Power supply systems with simultaneous use of traditional power supply and electricity from the sun - economically sound solution for private household, cottage, holiday villages and industrial premises.
An indispensable element of the complex is a hybrid inverter for solar cells, which determines the voltage supply modes, ensuring uninterrupted operation and efficiency of the solar system.
For the system to work efficiently, you need not only to choose the optimal model, but also to connect it correctly. And how to do it - we will analyze in our article.
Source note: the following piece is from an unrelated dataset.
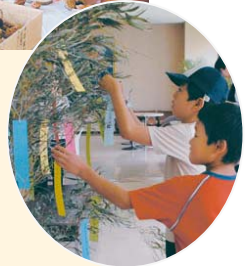
▲短冊に願いを込めて

6月7日、環境フェアが中央公民館で行われました。環境保護やリサイクルなどの活動に取り組む、42の団体が出展。様々な展示や体験コーナーが設けられ、たくさんの子どもたちが、木の美細工や竹とんぼ作りなどを楽しんでいました。また、会場には七夕の笹も。「冷蔵庫を開けっ放しにしません」など、身近にできるエコ活動を書いた色とりどりの短冊が飾られていました。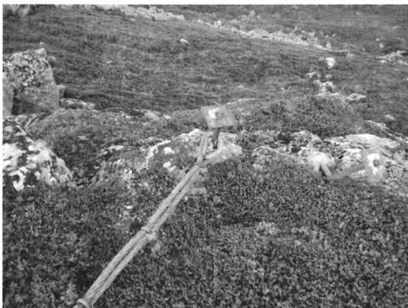
Figur 14. Festemetode for sikringswirer

Rundt de mest oppspruknete partiene er det spent sikringswirer med diameter 25- 30 mm.

Also consider the existing types of converters and the best offers on the market today.
The content of the article:
Evaluation of hybrid inverter features
- Network converter type
- Autonomous device option
- Hybrid inverter type
Varieties of current transducers
- Comparison of BBP and hybrid installation
- Varieties of inverter waveform
- Single phase and three phase models
Solar inverter selection options
- Criterion # 1 - device power
- Criterion # 2 - level of protection
- Criterion # 3 - working temperature and dimensions
- Criterion # 4 - Efficiency
Overview of popular hybrid converters
- Xtender Multifunction Inverter Line
- Prosolar Optimum Converters
- Sinusoidal inverters Phoenix Inverter
- Domestic devices MAP Gibrid and Dominator
Possible wiring diagrams
- Option # 1 is a circuit with a DC charge controller
- Option # 2 - hybrid and network converter circuit
- Conclusions and useful video on the topic
Evaluation of hybrid inverter features
The use of renewable solar energy in combination with a centralized power supply provides several advantages. The normal functioning of the solar system ensures the smooth operation of its main models: solar panels, charge controller, the battery, as well as one of the key elements - the inverter.
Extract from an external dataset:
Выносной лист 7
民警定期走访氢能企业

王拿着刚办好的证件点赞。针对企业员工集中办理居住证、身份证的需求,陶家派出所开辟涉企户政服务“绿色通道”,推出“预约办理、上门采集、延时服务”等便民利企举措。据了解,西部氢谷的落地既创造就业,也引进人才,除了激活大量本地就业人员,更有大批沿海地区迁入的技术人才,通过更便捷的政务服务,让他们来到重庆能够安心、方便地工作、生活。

A solar system inverter is a device for converting direct current (DC) from photovoltaic panels into alternating electricity. It is on the current voltage of 220 V works household appliances. Without an inverter, power generation is meaningless.
System operation diagram: 1 - solar modules, 2 - charge controller, 3 - rechargeable battery, 4 - voltage converter (inverter) with alternating current (AC) supply
It is better to evaluate the capabilities of the hybrid model in comparison with the peculiarities of the work of its closest competitors - autonomous and network "converters".
Network converter type
The device operates on a common electrical load. The output from the inverter is connected to consumers of electricity, the speaker network.
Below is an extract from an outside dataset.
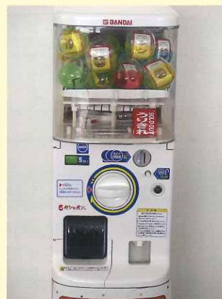
保健福祉センターに設置

The scheme is simple, but has several limitations:
- operability at availability of alternating current in the network;
- the mains voltage must be relatively stable and correspond to the operating range of the converter.
The variety is in demand in private homes with the current "green" tariff for electrification.
In the afternoon, with minimal energy consumption, the generated current flows into the network at “green” rates, from evening to morning the building is “fed” from the centralized electricity supply
Autonomous device option
The device is powered by batterywhich receives charge from the solar panels through the MPPT controller. The system uses different types of batteries, including high-tech lithium batteries.
At the maximum “filling” of the accumulator, excess energy is transmitted to the input of the inverter, the output of which is connected to the end users of the AU.
In the case of a lack of solar activity, energy is taken from the batteries and is "converted" through the voltage inverter.
Features of the autonomous installation:
- the possibility of independent operation in the absence of mains AC;
- some models support the mode of operation at the "green" tariff;
- Efficiency of installations - 90-93%.
To ensure the absolute autonomy of the object requires accurate power calculation of heliopanels and sufficient battery power consumption.
Option independent use of the inverter without the inclusion of a centralized network connection. Autonomous converter is in demand in areas with a complete lack or low quality of electricity supply
Hybrid inverter type
The model differs from the above described devices by a special “architecture” of manufacture. Inside, there is a special wiring diagram that allows the converter to operate in parallel with the current source (network, generator).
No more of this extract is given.